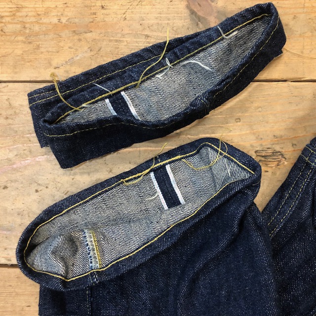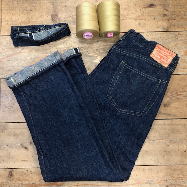 ジーンズ裾上げ 2025年10月23日 お買い上げいただいたシュガーケーンスーパーデニムSC49001。 1945年製の501のリプロダクションですが、裾始末が通常のものと異なり、巻き幅がやや広く、チェーンの縫い始めと縫い止まりの糸端が残されたままとなっています。 メーカーオリジナルの仕様に準じ、糸端を残して処理しております。 *当店で扱うスーパーデニムコレクタブルズはノンウォッシュのみの展開です。裾上げは、縮み分を見計らってカットすることも出来ますが、洗い上がりでの丈合わせの方がベターです。 «前 次»
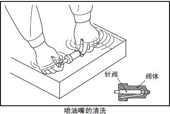 (5) 調整和清洗后噴霧狀態不能好轉的話,要更換新的噴油嘴。新的噴油嘴涂有防銹劑,最初一定要用清洗油清洗,然后用柴油再次清洗后才能組裝。
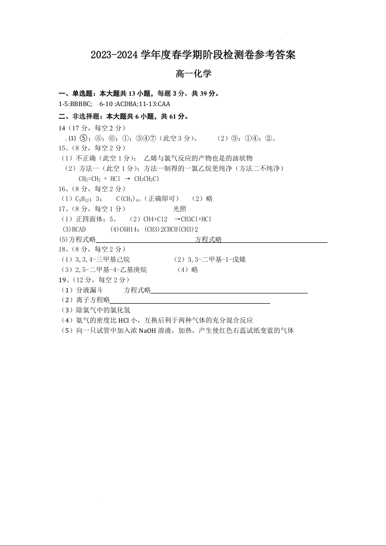 江苏省无锡市江阴市两校联考2023-2024学年高一下学期阶段检测化学答案
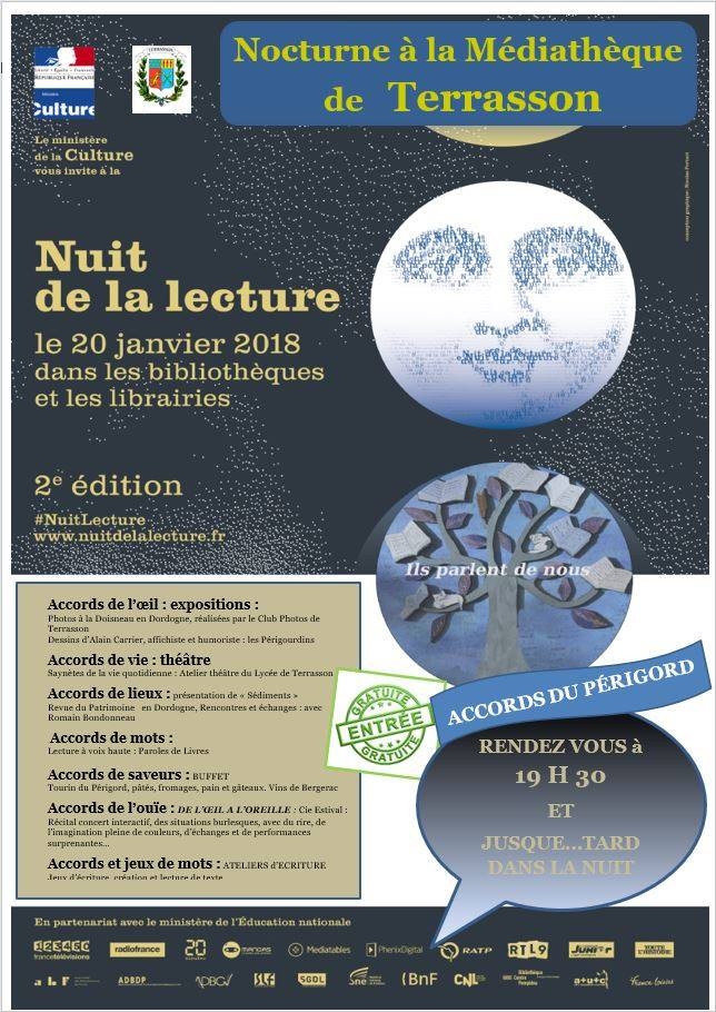 La 2ème nuit de la lecture aura lieu le samedi 20 janvier 2018 dans les bibliothèques et les librairies, avec le ministère de la Culture… Une nocturne aura lieu à la médiathèque de Terrasson à partir de 19h30 avec l’affichiste et humoriste Alain Carrier, en présence du club photos de Terrasson, avec la participation de Romain Bondonneau de la Revue du Patrimoine en Dordogne, lors d’un buffet avec lectures à voix haute, un récital-concert interactif de la Cie Estival, l’atelier théâtre du lycée, le tout couronné d’ateliers d’écriture…
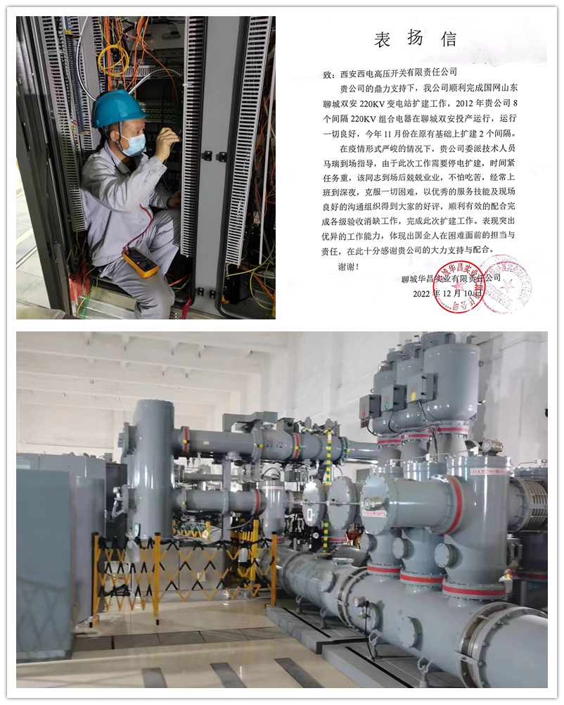 为该工程提供14个间隔ZF1-252组合电器产品。从8月份施工开始,孟国祥同志屡次克服疫情困难,积极前往现场开展设备安装,严格把控质量关,最终14个间隔ZF1-252组合电器耐压试验一次性通过,成功投运。工作开展过程中他认真负责的态度得到了业主方的大力表扬。
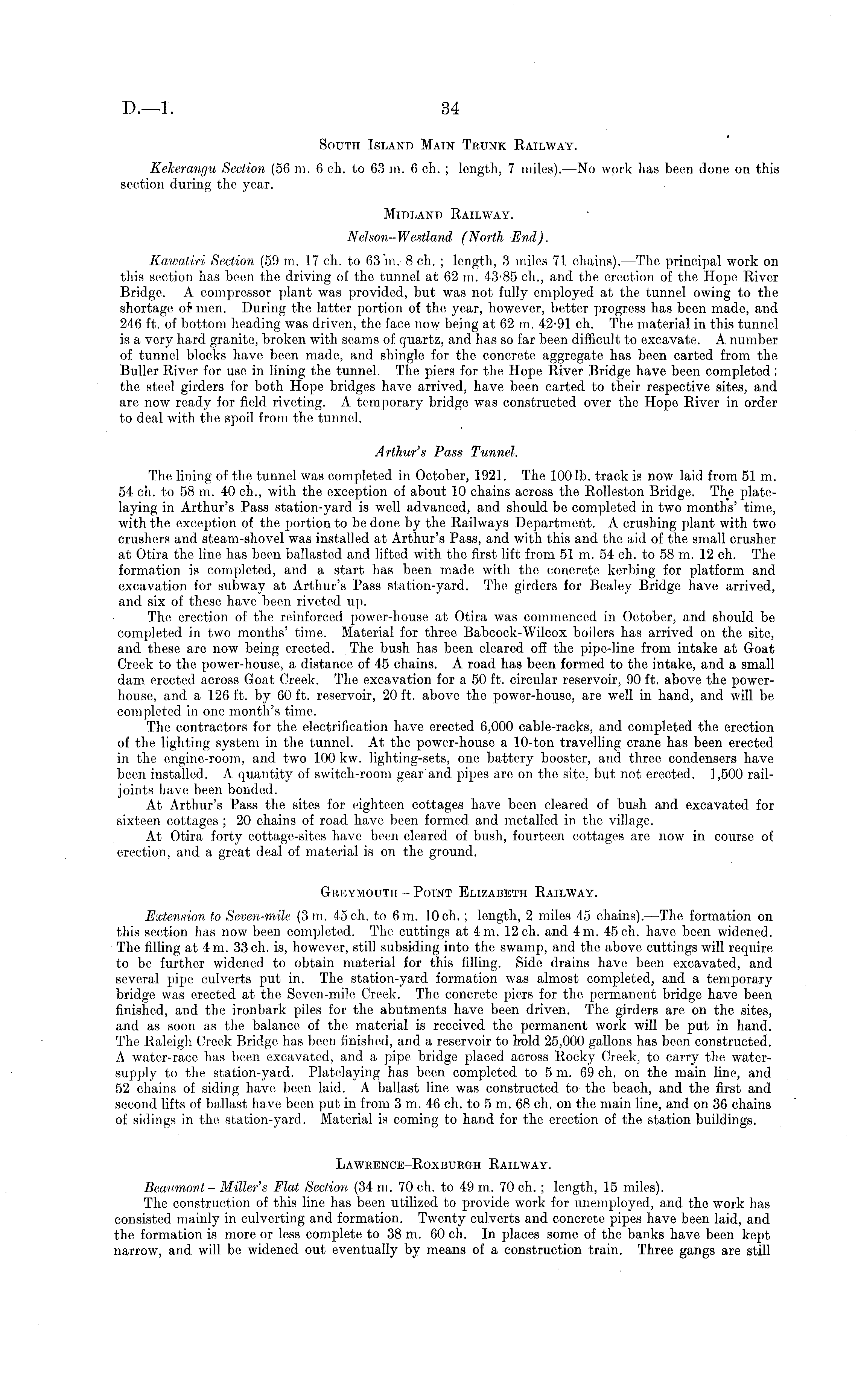 South Island Main Trunk Railway. Kekerangu Section (56 m. 6 eh. to 63 m. 6 eh. ; length, 7 miles). —No work has been done on this section during the year. Midland Railway. Nelson-Westland (North End). Kawatiri Section (59 m. 17 eh. to 63 m. 8 eh. ; length, 3 miles 71. chains). —The principal work on this section has been the driving of tho tunnel at 62 m. 43-85 eh., and the erection of the Hope River Bridge. A compressor plant was provided, but was not fully employed at the tunnel owing to the shortage of* men. During the latter portion of the year, however, better progress has been made, and 246 ft. of bottom heading was driven, the face now being at 62 m. 42-91 eh. The material in this tunnel is a very hard granite, broken with seams of quartz, and has so far been difficult to excavate. A number of tunnel blocks have been made, and shingle for the concrete aggregate, has been carted from the Buffer River for use in lining the tunnel. The piers for the Hope River Bridge have been completed ; the steel girders for both Hope bridges have arrived, have been carted to their respective sites, and are now ready for field riveting. A temporary bridge was constructed over the Hope River in order to deal with the spoil from the tunnel. Arthur's Pass Tunnel. The lining of the tunnel was completed in October, 1921. The 1001b. track is now laid from 51 m. 54 eh. to 58 m. 4-0 eh., with the exception of about 10 chains across the Rolleston Bridge. The platelaying in Arthur's Pass station-yard is well advanced, and should be completed in two months' time, with the exception of the portion to be done by the Railways Department. A. crushing plant with two crushers and steam-shovel was installed at Arthur's Pass, and with this and the aid of the small crusher at Otira tho line has been, ballasted and lifted with the first lift from. 51 m. 54 eh. to 58 m. 12 eh. The formation is completed, and a start has been made with the concrete kerbing for platform and excavation for subway at Arthur's Pass station-yard. The girders for Bealey Bridge have arrived, and six of these have been riveted up. The erection of the reinforced power-house at Otira was commenced in October, and should be completed in two months' time. Material for three Babcock-Wilcox boilers has arrived on the site, and these are now being erected. The bush has been cleared off the pipe-line from intake at Goat Creek to the power-house, a distance of 45 chains. A road has been formed to the intake, and a small dam erected, across Goat Creek. The excavation for aSO ft. circular reservoir, 90 ft. above the powerhouse, and. a 126 ft. by 60 ft. reservoir, 20 ft. above the power-house, are well in hand, and will be completed in one month's time. The contractors for the electrification have erected 6,000 cable-racks, and completed the erection of the lighting system in the tunnel. At the power-house a 10-ton travelling crane has been erected in the engine-room, and two 100 kw. lighting-sets, one battery booster, and three condensers have been installed. A quantity of switch-room gear'and pipes are on the site, but not erected. 1,500 railjoints have been bonded. At Arthur's Pass the sites for eighteen cottages have been cleared of bush and excavated for sixteen cottages ; 20 chains of road have been formed and metalled in the village. At Otira forty cottage-sites have been cleared of bush, fourteen cottages are now in course of erection, and a great deal of material is on the ground. Greymouth - Point Elizabeth Railway. Extension to Seven-mile (3 m. 45 eh. to 6m. 10 eh. ; length, 2 miles 45 chains). —The formation on this section has now been completed. The cuttings at 4m. 12 eh. and 4m. 45 eh. have been widened. The filling at 4 m. 33 eh. is, however, still subsiding into the swamp, and the above cuttings will require to be further widened to obtain material for this filling. Side drains have been excavated, and several pipe culverts put in. The station-yard formation was almost completed, and a temporary bridge was erected at the Seven-mile Creek. The concrete piers for the permanent bridge have been finished, and the ironbark piles for the abutments have been driven. The girders are on the sites, and as soon as the balance of the material is received the permanent work will be put in hand. The Raleigh Creek Bridge has been finished, and a reservoir to hold 25,000 gallons has been constructed. A water-race has been excavated, and a pipe bridge placed across Rocky Creek, to carry the watersupply to the station-yard. Platelaying has been completed to sm. 69 eh. on the main line, and 52 chains of siding have been laid. A ballast line was constructed to the beach, and the first and second lifts of ballast have been put in from 3 m. 46 eh. to 5 m. 68 eh. on the main line, and on 36 chains of sidings in the station-yard. Material is coming to hand for the erection of the station buildings. Lawrence-Roxburgh Railway. Beaumont-Miller's Flat Section (34 m. 70 eh. to 49 m. 70 eh. ; length, 15 miles). The construction of this line has been utilized to provide work for unemployed, and the work has consisted mainly in culverting and formation. Twenty culverts and concrete pipes have been laid, and the formation is more or less complete to 38 m. 60 eh. In places some of the banks have been kept narrow, and will be widened out eventually by means of a construction train. Three gangs are still

### What you have to do
Please print all the lines above exactly as given and leave out every picture.

### Response
 ジーンズ裾上げ 2025年10月23日 お買い上げいただいたシュガーケーンスーパーデニムSC49001。 1945年製の501のリプロダクションですが、裾始末が通常のものと異なり、巻き幅がやや広く、チェーンの縫い始めと縫い止まりの糸端が残されたままとなっています。 メーカーオリジナルの仕様に準じ、糸端を残して処理しております。 *当店で扱うスーパーデニムコレクタブルズはノンウォッシュのみの展開です。裾上げは、縮み分を見計らってカットすることも出来ますが、洗い上がりでの丈合わせの方がベターです。 «前 次»
 (5) 調整和清洗后噴霧狀態不能好轉的話,要更換新的噴油嘴。新的噴油嘴涂有防銹劑,最初一定要用清洗油清洗,然后用柴油再次清洗后才能組裝。
 江苏省无锡市江阴市两校联考2023-2024学年高一下学期阶段检测化学答案
 La 2ème nuit de la lecture aura lieu le samedi 20 janvier 2018 dans les bibliothèques et les librairies, avec le ministère de la Culture… Une nocturne aura lieu à la médiathèque de Terrasson à partir de 19h30 avec l’affichiste et humoriste Alain Carrier, en présence du club photos de Terrasson, avec la participation de Romain Bondonneau de la Revue du Patrimoine en Dordogne, lors d’un buffet avec lectures à voix haute, un récital-concert interactif de la Cie Estival, l’atelier théâtre du lycée, le tout couronné d’ateliers d’écriture…
 为该工程提供14个间隔ZF1-252组合电器产品。从8月份施工开始,孟国祥同志屡次克服疫情困难,积极前往现场开展设备安装,严格把控质量关,最终14个间隔ZF1-252组合电器耐压试验一次性通过,成功投运。工作开展过程中他认真负责的态度得到了业主方的大力表扬。
 South Island Main Trunk Railway. Kekerangu Section (56 m. 6 eh. to 63 m. 6 eh. ; length, 7 miles). —No work has been done on this section during the year. Midland Railway. Nelson-Westland (North End). Kawatiri Section (59 m. 17 eh. to 63 m. 8 eh. ; length, 3 miles 71. chains). —The principal work on this section has been the driving of tho tunnel at 62 m. 43-85 eh., and the erection of the Hope River Bridge. A compressor plant was provided, but was not fully employed at the tunnel owing to the shortage of* men. During the latter portion of the year, however, better progress has been made, and 246 ft. of bottom heading was driven, the face now being at 62 m. 42-91 eh. The material in this tunnel is a very hard granite, broken with seams of quartz, and has so far been difficult to excavate. A number of tunnel blocks have been made, and shingle for the concrete aggregate, has been carted from the Buffer River for use in lining the tunnel. The piers for the Hope River Bridge have been completed ; the steel girders for both Hope bridges have arrived, have been carted to their respective sites, and are now ready for field riveting. A temporary bridge was constructed over the Hope River in order to deal with the spoil from the tunnel. Arthur's Pass Tunnel. The lining of the tunnel was completed in October, 1921. The 1001b. track is now laid from 51 m. 54 eh. to 58 m. 4-0 eh., with the exception of about 10 chains across the Rolleston Bridge. The platelaying in Arthur's Pass station-yard is well advanced, and should be completed in two months' time, with the exception of the portion to be done by the Railways Department. A. crushing plant with two crushers and steam-shovel was installed at Arthur's Pass, and with this and the aid of the small crusher at Otira tho line has been, ballasted and lifted with the first lift from. 51 m. 54 eh. to 58 m. 12 eh. The formation is completed, and a start has been made with the concrete kerbing for platform and excavation for subway at Arthur's Pass station-yard. The girders for Bealey Bridge have arrived, and six of these have been riveted up. The erection of the reinforced power-house at Otira was commenced in October, and should be completed in two months' time. Material for three Babcock-Wilcox boilers has arrived on the site, and these are now being erected. The bush has been cleared off the pipe-line from intake at Goat Creek to the power-house, a distance of 45 chains. A road has been formed to the intake, and a small dam erected, across Goat Creek. The excavation for aSO ft. circular reservoir, 90 ft. above the powerhouse, and. a 126 ft. by 60 ft. reservoir, 20 ft. above the power-house, are well in hand, and will be completed in one month's time. The contractors for the electrification have erected 6,000 cable-racks, and completed the erection of the lighting system in the tunnel. At the power-house a 10-ton travelling crane has been erected in the engine-room, and two 100 kw. lighting-sets, one battery booster, and three condensers have been installed. A quantity of switch-room gear'and pipes are on the site, but not erected. 1,500 railjoints have been bonded. At Arthur's Pass the sites for eighteen cottages have been cleared of bush and excavated for sixteen cottages ; 20 chains of road have been formed and metalled in the village. At Otira forty cottage-sites have been cleared of bush, fourteen cottages are now in course of erection, and a great deal of material is on the ground. Greymouth - Point Elizabeth Railway. Extension to Seven-mile (3 m. 45 eh. to 6m. 10 eh. ; length, 2 miles 45 chains). —The formation on this section has now been completed. The cuttings at 4m. 12 eh. and 4m. 45 eh. have been widened. The filling at 4 m. 33 eh. is, however, still subsiding into the swamp, and the above cuttings will require to be further widened to obtain material for this filling. Side drains have been excavated, and several pipe culverts put in. The station-yard formation was almost completed, and a temporary bridge was erected at the Seven-mile Creek. The concrete piers for the permanent bridge have been finished, and the ironbark piles for the abutments have been driven. The girders are on the sites, and as soon as the balance of the material is received the permanent work will be put in hand. The Raleigh Creek Bridge has been finished, and a reservoir to hold 25,000 gallons has been constructed. A water-race has been excavated, and a pipe bridge placed across Rocky Creek, to carry the watersupply to the station-yard. Platelaying has been completed to sm. 69 eh. on the main line, and 52 chains of siding have been laid. A ballast line was constructed to the beach, and the first and second lifts of ballast have been put in from 3 m. 46 eh. to 5 m. 68 eh. on the main line, and on 36 chains of sidings in the station-yard. Material is coming to hand for the erection of the station buildings. Lawrence-Roxburgh Railway. Beaumont-Miller's Flat Section (34 m. 70 eh. to 49 m. 70 eh. ; length, 15 miles). The construction of this line has been utilized to provide work for unemployed, and the work has consisted mainly in culverting and formation. Twenty culverts and concrete pipes have been laid, and the formation is more or less complete to 38 m. 60 eh. In places some of the banks have been kept narrow, and will be widened out eventually by means of a construction train. Three gangs are still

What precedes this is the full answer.